(1 week, 5 days ago)
Commons ChamberUnder the Windsor framework arrangements, the Northern Ireland plant health label allows growers and traders to move plants and seeds for planting from Great Britain to Northern Ireland without a phytosanitary certificate, and Scottish businesses have benefited from that. For example, more than 1,500 tonnes of previously prohibited seed potatoes, mostly from Scottish traders, were moved to Northern Ireland from Great Britain last year.
As the Minister will know, according to McIntyre Fruit in Scotland, which also sells plants, it is easier to supply Japan than to send plants to Coleman’s garden centre in my constituency, and the same company is now seeing orders cancelled in Northern Ireland. At the weekend, Ewing’s Seafoods, Northern Ireland’s oldest fishmonger, had a 40-foot container filled with hundreds of thousands of pounds of fresh fish returned from Belfast to Scotland owing to administrative paperwork errors on seven boxes. Will the Minister, or the Secretary of State, meet me and representatives of those companies to discuss what can be done to ease the bureaucratic burden on both Northern Ireland and Scottish business?

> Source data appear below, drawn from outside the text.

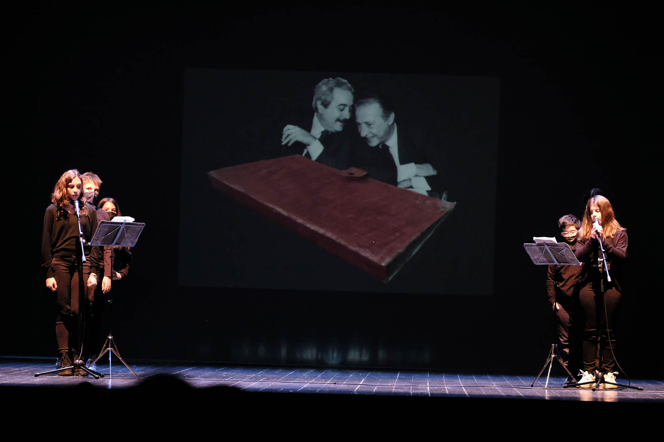 Poi, su una scenografia minimalista in bianco e nero, si sono intrecciate le letture dei ragazzi di seconda e terza media, impegnati a coinvolgere il pubblico su pensieri e riflessioni dure, da fare e da capire. “L’agenda rossa di Paolo Borsellino” prende le mosse dal taccuino scomparso del giudice saltato in aria con la sua scorta per opera della mafia, e si dipana attraverso “parole chiave”, come “ingiustizia”, “omertà”, “povertà”, che si articolano dalla definizione concettuale alla quotidianità. I pensieri possibili di Borsellino e dell’amico Giovanni Falcone, ucciso prima di lui dalla stessa mano, si confondono con quelli dei ragazzi sul proscenio. I testi sono degli stessi studenti. Per arrivare a quei livelli di concettualizzazione e di analisi, si intravvede veramente un lavoro lungo tutto un anno scolastico.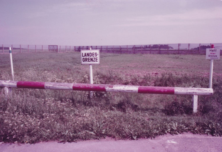Von bayerischer Seite wurde auf den Grenzverlauf zur DDR mit weiß-blauen Pfählen sowie mit den Schildern „Landesgrenze“ und „Halt! Hier Grenze“ des Bundesgrenzschutzes hingewiesen. (Bundespolizeidirektion München) HLB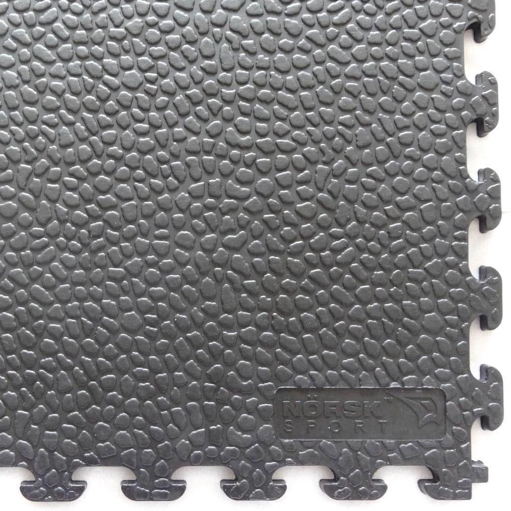The Norsk NSMPRT6DG Interlocking PVC Floor Tiles are flexible, unlike other stiff plastic like flooring options. The Rhino-Tec Sport mats include a durable anti-slip texture. PVC floors are resistant to most chemicals and solvents and provide excellent acoustic and thermal insulation. Our patented Air-Dry design technology allows air to flow under the tile, letting moisture evaporate easily. These PVC tiles assemble easily like other flooring options including, puzzle mats, interlocking . The Norsk PVC tiles provide the support needed to reduce fatigue associated with prolonged standing. This set comes in a Dove Gray finish and includes (6) interlocking PVC tiles.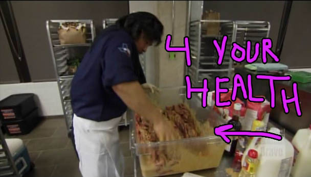 For this week's Elimination Challenge, the teams of judges will now be competing against each other. Each team has to pick a dish and a side and both chefs will cook their own variations on that dish and one chef will win and one chef will lose. Eek! They're cooking for a food drive "block party" for 200 people. (The "block party" is taking place at a brewery on a lawn, so I'm not sure why they didn't just call it a "lawn party" or a "party" but apparently it's a "block party." Everything's block party in Texas.) The chefs split off to pick their dishes. Lindsay and Sarah are going to make meatballs. Paul and Ed are going to make Korean barbecue. And Grayson and Scrunchie Chris are going to make...chicken salad sandwiches?! Uhhhhh. Chris explains that he doesn't want to make chicken salad sandwiches but he doesn't have any better ideas. Really? How about ANY IDEAS. Literally any idea would be better than chicken salad sandwiches. You're on fucking TV for COOKING. Guys, come on. YOU BETTER DRUMSTICKLINE. After they announce their dishes, Padma says "all of those sound great," which has to be on a pre-written cue card, or maybe she was too drunk and didn't hear one team say "we are making chicken salad sandwiches." But the twist is that this is a food drive sponsored by Healthy Choice, so all the dishes have to be healthy. UH OH! Just kidding. The chefs all freak out, but all of those dishes seem like pretty easy dishes to create healthy variations on. Although, Ed explains that Korean barbecue is already healthy so it's a shoe in, which sounds wrong. I love Korean barbecue but I am never confused on why there isn't a Korean barbecue stand set up INSIDE my gym.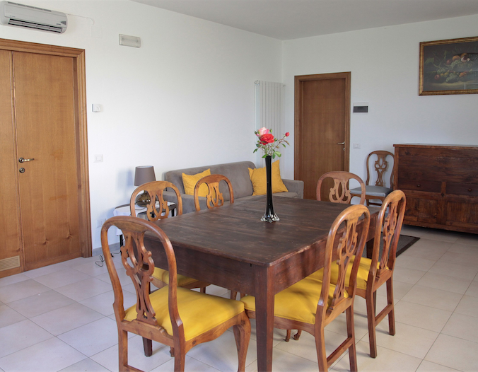 L'appartamento รจ di 75 mq cosi composto: ampio salone con cucina attrezzata, camino, divano letto, una camera tripla con bagno e sala con doccia idromassaggio, lavatrice, lavastoviglie. Schermi LED, Lettore dvd, frigo,giardino esclusivo con ampio tavolo e BBQ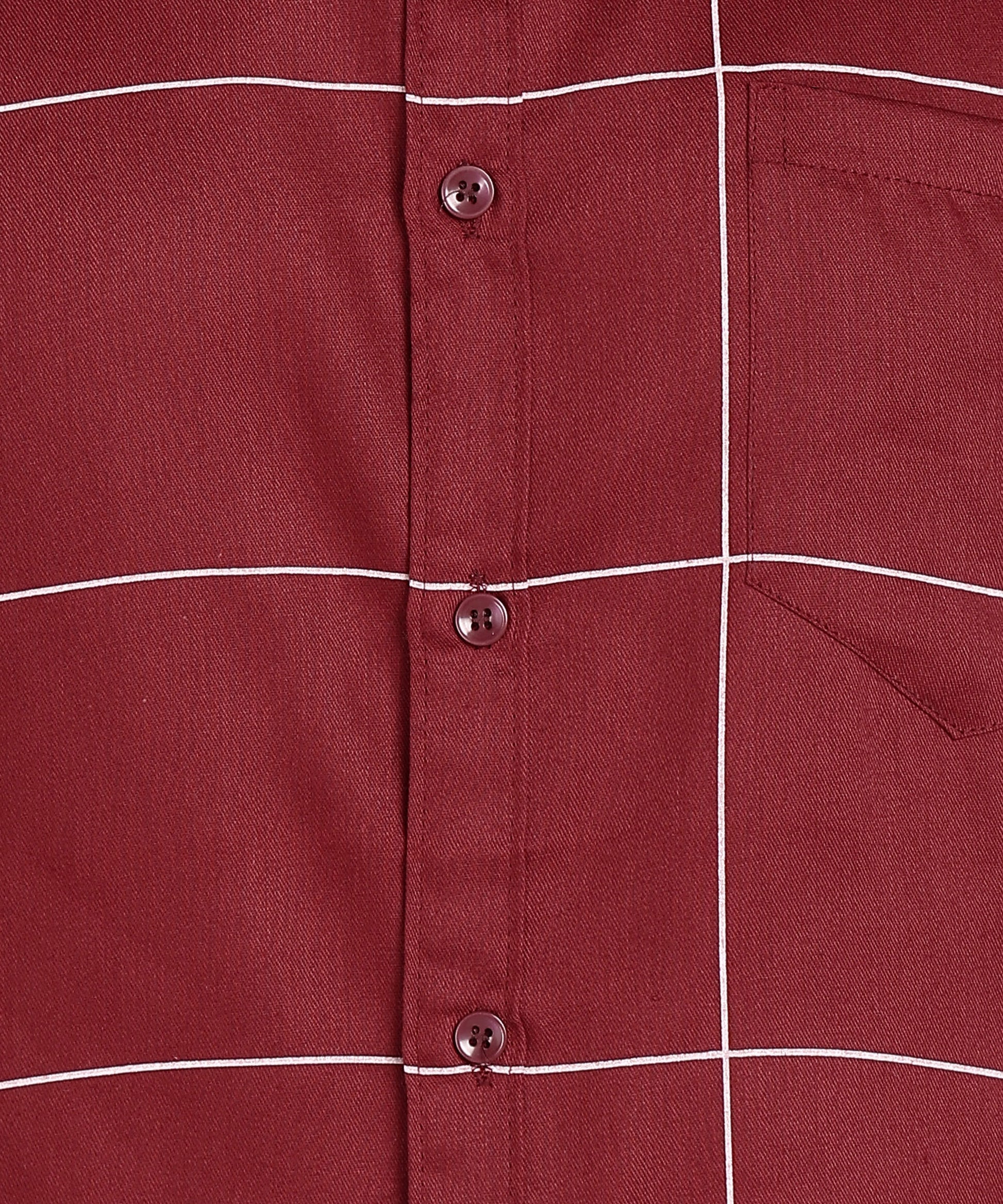 Sanganeri Maroon & White Bold Checked Cotton Shirt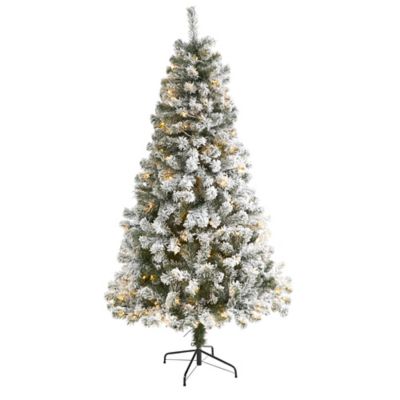 Nearly Natural 6 ft. Flocked West Virginia Fir Artificial Christmas Tree, 250 Clear LED Lights

I would be delighted to meet the hon. Gentleman, but let me reassure him: the horticultural working group, co-chaired by senior officials from the Department for Environment, Food and Rural Affairs and the Cabinet Office, was set up specifically to tackle issues involving the movement of seeds to consumers in Northern Ireland as a first priority. The hon. Gentleman has also mentioned other topics, and I should be happy to meet him to discuss them, too. The working group meets regularly to address such issues, and includes representatives of the Ulster Farmers Union, the National Farmers Union and the Horticultural Trades Association, as well as business leaders and representatives of a small number of other horticultural businesses.